Saturday, May 5, 2012

Top 100 - Intergalactic, Beastie Boys # 50


Story by Karin


Here's the thing. I was going to wait until the end of this thing to write my story and share my song. I had a shortlist you know - with a good mixture of sad memories and happy memories, but news today has meant the choice has been made for me.


It's funny because over the years I have memories of musicians and they day they died. I have a fuzzy memory of Elvis Presley dying. The house seemed dark and my mum was on the phone, then crying. I asked her what was wrong and I think she put Love Me Tender on the record player. 


More vividly I remember the day John Lennon died. I was a massive Beatles fan very early on. My Auntie Inge owned Drum City on Broadway and I used to hang out there as a very little girl. I'd spend hours watching the musicians come in an out for drum practice, as I'd play out the back near the roller-doors. It was a maze out there, full of junk and fun. When I was bored of that I sit in the shop and watch the cars drive by on their way to King Street and I'd flip through all the records. For a very uncool, child of migrants kinda kid, reading that back makes me (ironically) actually cool. Anyways, back to the Beatles - I loved Magical Mystery Tour and for my birthday I was given a copy. I used to look at the album sleeves while listening to that record over and over.  So when John Lennon died I didn't quite understand, but I understood enough to be sad. I remember taking my tape deck down to the bottom of the garden and playing Imagine over and over and over. Singing in the afternoon sun and dancing on the grass. I remember feeling sad, but also remember feeling that way because I knew thats how I was supposed to be feeling.


Then in the 90's with the passing of Stevie Plunder and Kurt Cobain, I was genuinely sad. Particularly for Stevie's death because he was a big part of that Sydney scene. The 90's were the best time for music in that city. I would see a gig pretty much every night of the week. I watched You Am I grow up from being obnoxious skater kids from Western Sydney to obnoxious inner city types. I'd ditch uni to go to the Hopetoun to watch the Rock Against Work gigs. Nothing like seeing the Hard Ons or Ratcat at 3 o'clock in the arvo with a cheeky VB schooner. Any weekend could be spent seeing Ride at the Phoenician, the Lemonheads pretty much everywhere and the beloved Ramones in my part of suburbia.

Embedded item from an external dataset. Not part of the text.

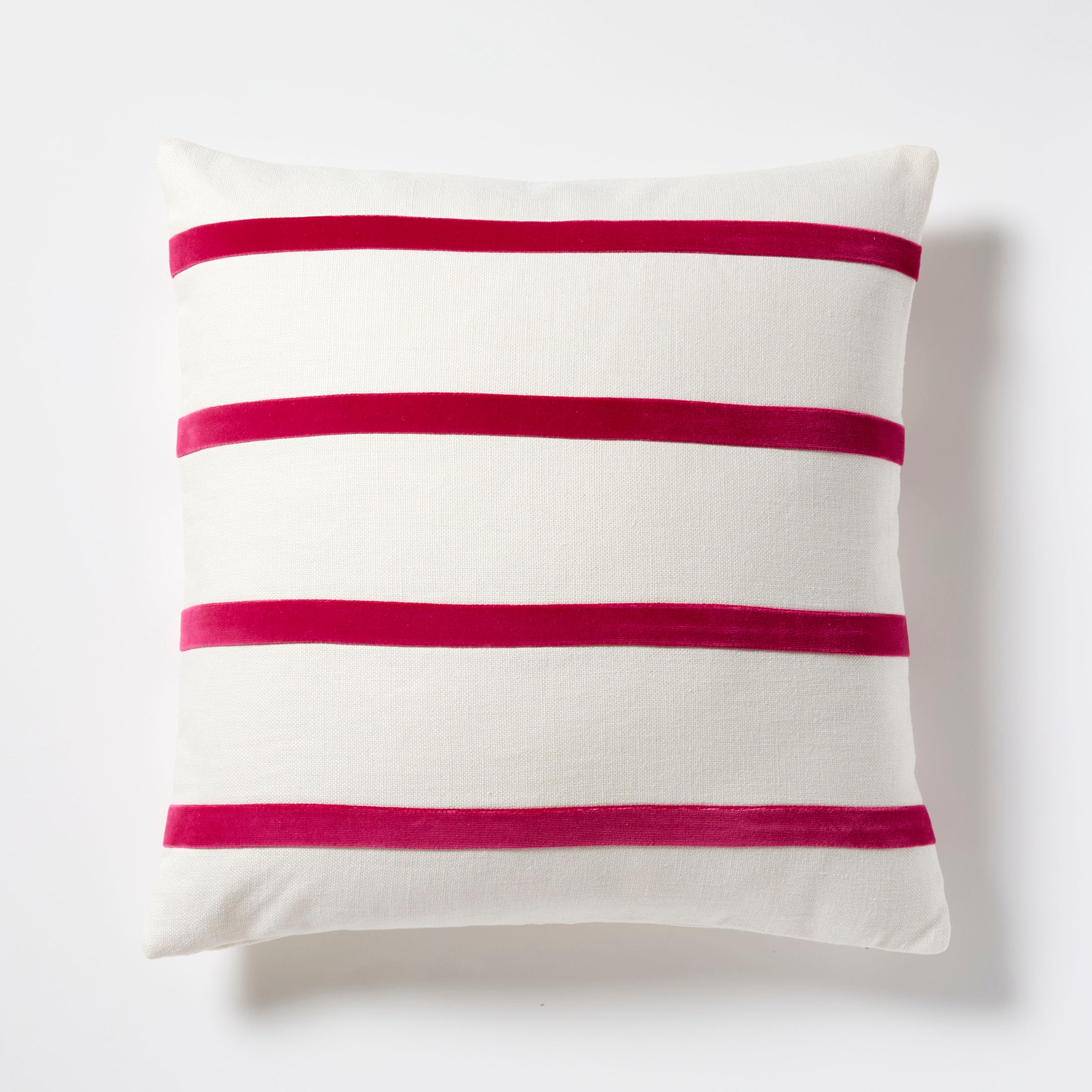 Fuchsia Pink and Ivory Thin Velvet Stripe Pillow

So this brings me to today's news, and I guess in years to come I will remember this being the morning I was painting in the cold of Canberra, drinking cups of tea to stay warm, with a snoring dog beside me - curled in a corner away from the mess. And just like that, I read of the passing of someone who had contributed to the soundtrack of I guess what could be described as my coming of age.


The Beastie Boys were such a big part of Sydney in the 90's. The music, the festivals, that shop in Surry Hills. I'm so glad I decided not to throw that tshirt away. What was it ? X-Large and the X-Girl label by Kim Gordon. A typical day was to read the Drum to check out the specials at Waterfront Records, drive across the bridge to pick up the signed poster, or limited edition CD or coloured vinyl then walk up to Surry Hills to browse through the X-Large shop. I'd be the one wearing doc martins, opaque tights, cut of denim shorts and some sort of band tshirt. I may or may not have had dreadlocks. 


That was the Sydney that loved to tease with secret gigs and had started to embrace the outdoor festival.  The Beastie Boys played that secret gig at Sydney Uni playing with Jon Spencer Blues Explosion. I remember being tipsy, the room dark and Jon Spencer screaming BLUES EXPLOSION. A lot. I left that gig smiling, walking through the morton bay tree with bats flying through the night time sky. And forget the Big Day Out. Summersault that new years eve, with the Beastie Boys, Sonic Youth, Pavement and Foo Fighters. At the time I had no idea how lucky I was. I do now.


Outside of Sydney the Beastie Boys bring back memories of trips to the US, each album to a different trip at a different time of my life. I could be getting the albums mixed up, but Hello Nasty was released as we drove across the US. I have a scrapbook with bits of paper and the memories of 40 something states, and a mixed tape of music in my head. So many hours spent driving and listening to Regurgitator, Smudge, Snout and You Am I. I know that for sure because that's what my travel diary tells me - a whole lot of Australian CD's bought at Amoeba Records in San Francisco for $2.99 each. I remember Intergalactic above everything else because it is awesome.


That trip crisscrossed America like you wouldn't believe and ended up in New York city in the heat of the summer. The city that is the Beastie Boys. 


Adam Yauch will be missed by those who knew him, and those like me.